RIAU ONLINE, JAKARTA-Semakin banyakya pasien covid-19 bikin IDI kewalahan. Pasanya jumlah dokter yang terlibat terbatas sedangkan pasein makan banyak.
Tidak semua dokter terlibat dalam penanganan pasien COVID-19 di Indonesia. Menurut Ketua Umum PB Ikatan Dokter Indonesia (IDI), Daeng M. Faqih, mereka disebut sebagai dokter penanggung jawab pasien (DPJP) COVID-19, yang terdiri dari sejumlah dokter spesialis.
DPJP pasien corona di Indonesia melibatkan dokter spesialis paru dengan jumlah sekitar 2.000 dokter.

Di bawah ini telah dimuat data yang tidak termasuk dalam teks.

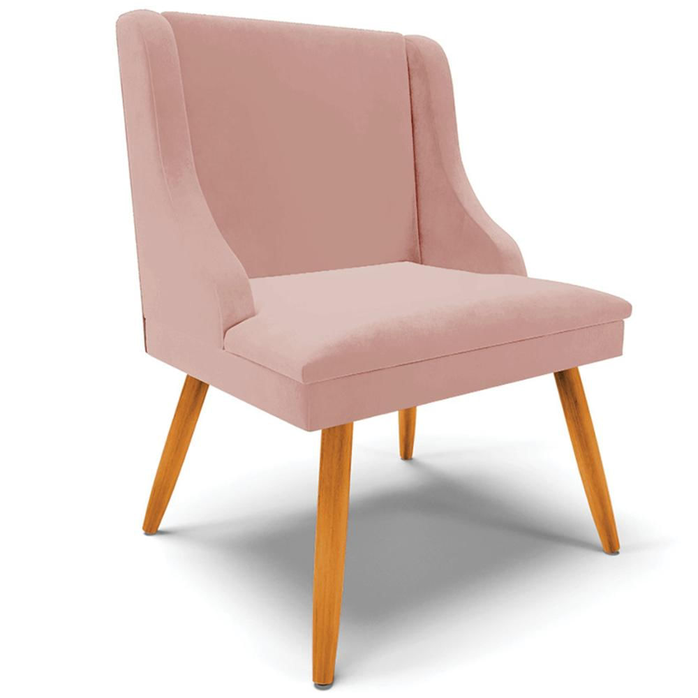 Poltrona Decorativa Pés Palito de Madeira Firenze Veludo Rosê/Natural - Gran Belo

Lalu dokter spesialis penyakit dalam berjumlah kurang dari 1.000 dokter, itu pun spesifik dokter Sp.D yang sekaligus konsultan paru dan penyakit tropis infeksi.
Dokter anak konsultan paru juga dilibatkan, serta dokter spesialis anastesi untuk menangani kasus-kasus di ICU, terutama saat pemasangan ventilator bagi pasien. Jumlah dokter anestesi hanya sekitar 2.000-6.000 se-Indonesia.
“Jadi kalau dijumlah, itu hanya sekitar 6.000 kekuatan dokter seluruh Indonesia. Oleh karena itu, karena pasien semakin banyak, kalau kita mengandalkan dokter DPJP tersebut, maka kemungkinan kalau terus meningkat pasien, kita khawatir jumlah dokter yang menangani tidak akan cukup,” kata Daeng, saat wawancara Live Corona Update bersama kumparan, Senin 27 April
“Terus terang, karena pasien semakin banyak maka memang harus lebih banyak daya dukung untuk kawan-kawan bekerja. Pasti memerlukan support baik itu support ketersediaan ruangan, alat, APD. Itu lama-lama dengan kondisi pasien tambah banyak, maka support itu mestinya lebih dijaga, lebih banyak kapasitasnya mesti ditambah,” tukasnya.
Dari laporan yang diterima IDI, sejauh ini ada 25 dokter yang wafat usai tertular COVID-19. Namun, karena data tersebut tidak diperoleh langsung dari pemerintah, IDI masih akan mengaudit laporan angka kematian dokter. Informasi soal 25 dokter tersebut akan ditelusuri lebih lanjut terkait kontak dekat mereka, termasuk rekan kerja sampai pihak keluarga.
Daeng juga menyebut, pemeriksaan tes darah massal akan digelar dalam rentang Mei sampai Juni sebagai upaya menekan penyebaran virus corona. Hal ini, menurutnya, dapat menekan jumlah pasien terinfeksi yang memerlukan perawatan rumah sakit, sehingga kapasitas perawatan intensif dapat terjaga.
“Karena kalau semakin banyak pasien terinfeksi dan memerlukan perawatan, maka sekali lagi yang dikhawatirkan adalah melampaui kapasitas rumah sakit kita. Maka berarti akan ada saudara-saudara kita yang tidak bisa tertampung oleh rumah sakit,” ujarnya.